Annie (Katie Aselton) and Darren (Dax Shepard) are best friends who’ve been married for about seven years now and their palpable chemistry has a natural synchronicity. They’ve developed a life full of routines: getting lattes together at the local coffee shop, going for runs in the mountains overlooking L.A., and attending dinner parties with their friends. There’s an honesty in their relationship which brings them to admit that their sex life isn’t exactly, as Annie puts it, “what it once was….or what it could be”.  During some hypothetical and philosophical pillow talk, they come to solution to their rut, in hopes of reawakening their lost libido.
For just one night, they agree to go their separate ways and seek out a “freebie”, someone to have sex with. The only rule they come up with is that neither of them are to discuss the details of their evenings. With an agreement like this, it’s obvious that feelings of doubt, guilt, and mistrust are bound to surface. How the two deal with their decision and whether or not they follow through with an act that is bound to damage their firm union, makes for a captivating study on the one night stand.
FREEBIE Dax Shepard Kate Aselton
The best thing going for “The Freebie” is its believable characters and the improvised dialogue which flesh them out in a natural way. A Hollywood movie with this kind of topic would either go super-serious and depressing or give us a wacky crazy comedy. Here is a film that has a sense of humor, delivered by some great back and forth by Aselton and Shepard, that takes an unoriginal idea and makes it surprisingly interesting. The two actors portray a couple with a strong bond that makes you want to see where they will go with their proposal. Both convey an obvious trepidation and hesitancy, especially in the scenes with the freebies they hook up with. Which is to their credit, since we at no point believe what they set out to do is a good idea. 

From the poster and the film’s description, I didn’t think it’d be worthy of my time. I like it when I give a film a chance to prove me wrong. My decision stemmed from curiosity. When I learned that Aselton (wife of executive producer Mark Duplas, who helped make last year’s “Cyrus” which Aselton also starred in) wrote, directed, and starred in it, I was curious on what a woman’s take on a common relationship roadblock would bring.
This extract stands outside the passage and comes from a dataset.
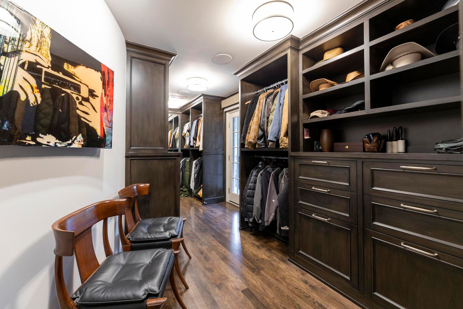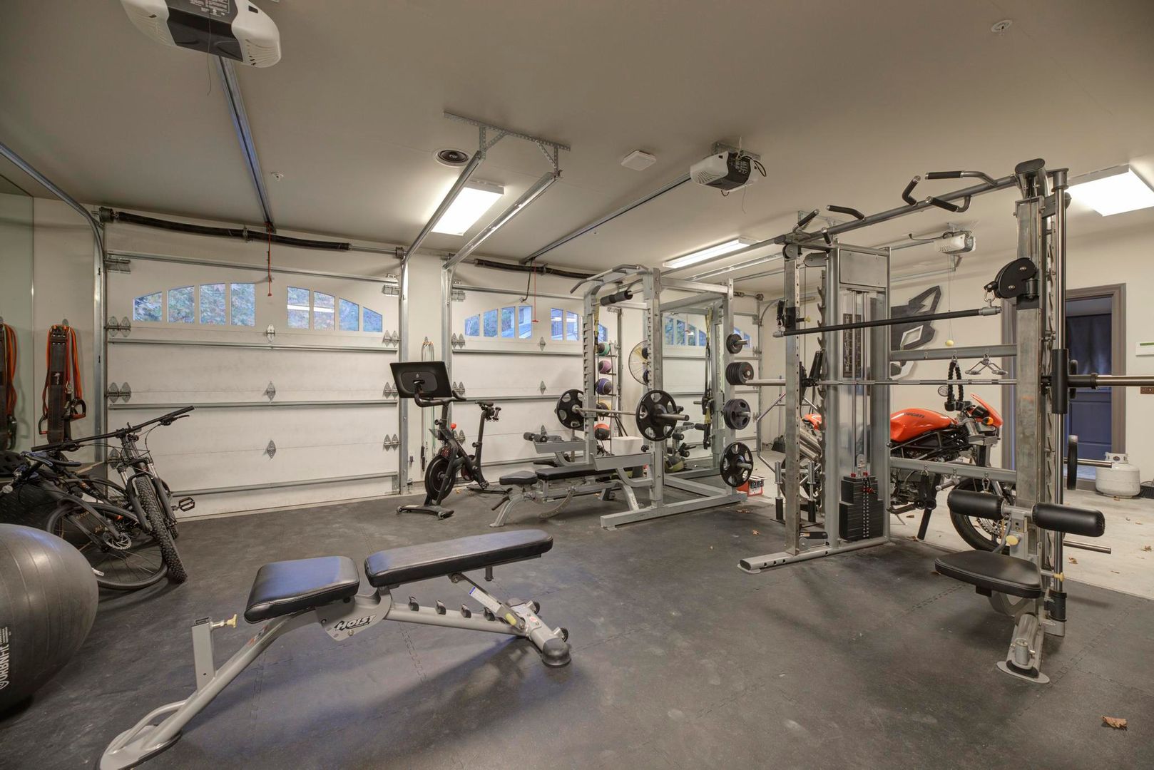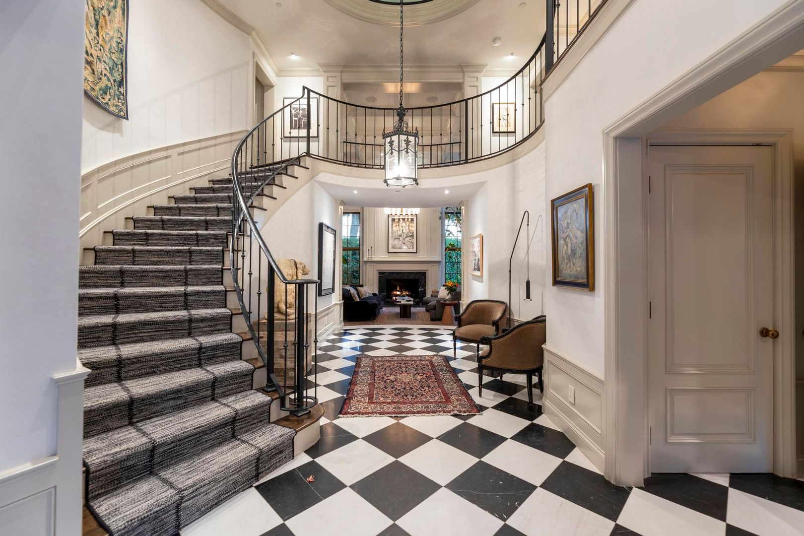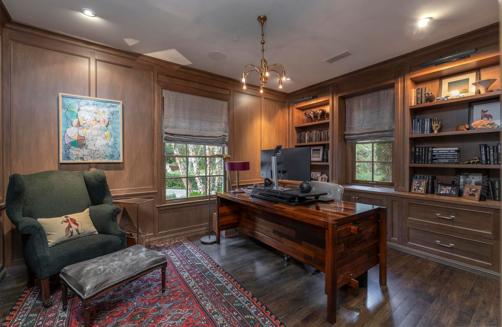 The home is offered fully furnished with high-end finishes and thoughtfully curated interiors. The main level features a chef’s kitchen equipped with premium Miele appliances, including three dishwashers and a built-in espresso machine. A grand formal living room with an oversized fireplace and expansive windows flows seamlessly into a full bar and screening room, along with a private office, dining area, and gym.

As a director, she proves to be a formidable filmmaker, despite using handheld HD (at times, a bit too realistic) she manages to focus on shame and paranoia in a truthful way.


The film premiered at the 2010 Sundance Film Festival, showed up at SXSW as well, and then only hit a select amount of theaters last September. Now that it is available on DVD and on Netflix “Watch Instantly (which is more accessible), it will likely find a larger audience. And it should. There aren’t many films that deal with relationship issues in a real and raw way that doesn’t tie everything up during the story’s run time. This one has an intriguing ending that is somewhat ambiguous, something I appreciated. It made me wonder and reflect on the damage that can be done in one night.